Thanks All! The book is adorable knits for tots,by Zoe Mellor. I knit hats for sale,that has gotten me in a rut.Have enough of my own knitted sweaters. It was fun getting my mind involved, now I'm looking at more patterns-I have hundreds of magazines,my favorites were the Family Cirlce ,easy knitting. If I get a picture of the Baby it will be on the phone,and I don't know how to load it:ashamed:


----------



## Maura (Jun 6, 2004)

That is adorable! I use C4F (front) C4B (back) the lefts and rights work themselves out.


----------



## Pearl B (Sep 27, 2008)

> If I get a picture of the Baby it will be on the phone,and I don't know how to load it


 I just got into trac phones lately. For pics. The phone will usually have a place where you can load/have email addys. I take a pic and mail it to my email addy. From the email I download it onto my desktop. Then upload it to flickR. Then form flickR you can post on the web.

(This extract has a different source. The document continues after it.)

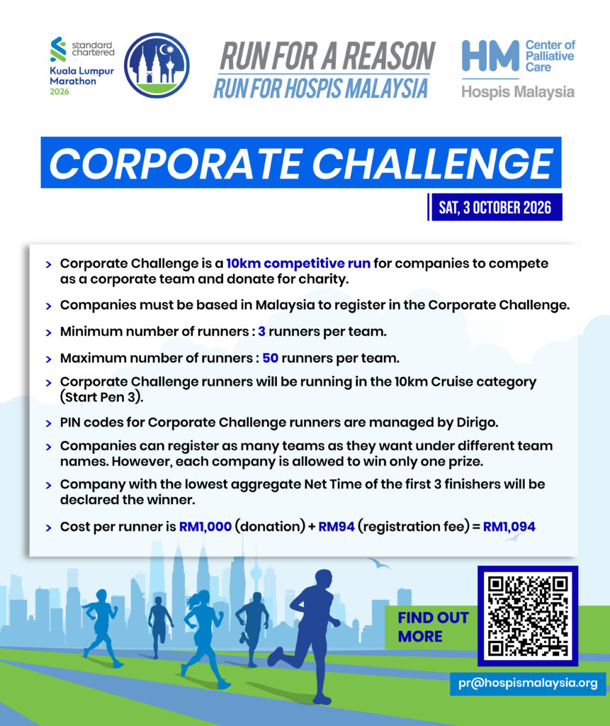 Join the Corporate Challenge HERE. Take part in the 10km Corporate Challenge with your colleagues, compete as a team, and raise funds for Hospis Malaysia.

I wish there was a shorter way, alas.


----------



## hercsmama (Jan 15, 2004)

I love it!
I take my pictures with my phone too. I email them to myself,download them from my email to my pictures section of my computer. From there I just upload them to my Flicker account, amd can then post them wherever. HTH!


----------



## Forerunner (Mar 23, 2007)

7thswan said:


> Thanks Forerunner for the inspiration to get off my buns and do some knitting other than Hats!


*glances nervously to the right and the left*

Who, me ?

Ummm, gee....glad to be of service, I reckon. 

Someday maybe I'll be whipping stuff like that out just cuz I can....


----------



## stef (Sep 14, 2002)

That is really beautiful! I'd love to make it one day. 

Can you please tell me, are the sleeves sewn on, or are they knit in?


----------



## TNnative (May 23, 2004)

Wow! Impressive!


----------



## Txsteader (Aug 22, 2005)

Beautiful work!


----------



## Pigeon Lady (Apr 4, 2004)

That's really beautiful! I like hooded things for little ones.


----------



## MullersLaneFarm (Jul 23, 2004)

That is stunning!!!

A pie crumb!!!  You had pie without us?


----------



## Marchwind (May 10, 2002)

LOL Cyndi! I was thinking the same thing. BTW, I didn't see a pie crumb


----------



## 7thswan (Nov 18, 2008)

Stef said:


> That is really beautiful! I'd love to make it one day.
> 
> Can you please tell me, are the sleeves sewn on, or are they knit in?


Stef, they are sewn on. Sewing up-yeck, worse than weaving in ends for me.The hood is done with some stiches from both front edges then the rest were pick ups,then knitted. You can do it!


----------



## 7thswan (Nov 18, 2008)

MullersLaneFarm said:


> That is stunning!!!
> 
> A pie crumb!!!   You had pie without us?


Ya, I was Forced to eat it. Made it for Dh and he only had 1 piece,keeps forgetting to take it to work,so I've been eating it for Breckfast.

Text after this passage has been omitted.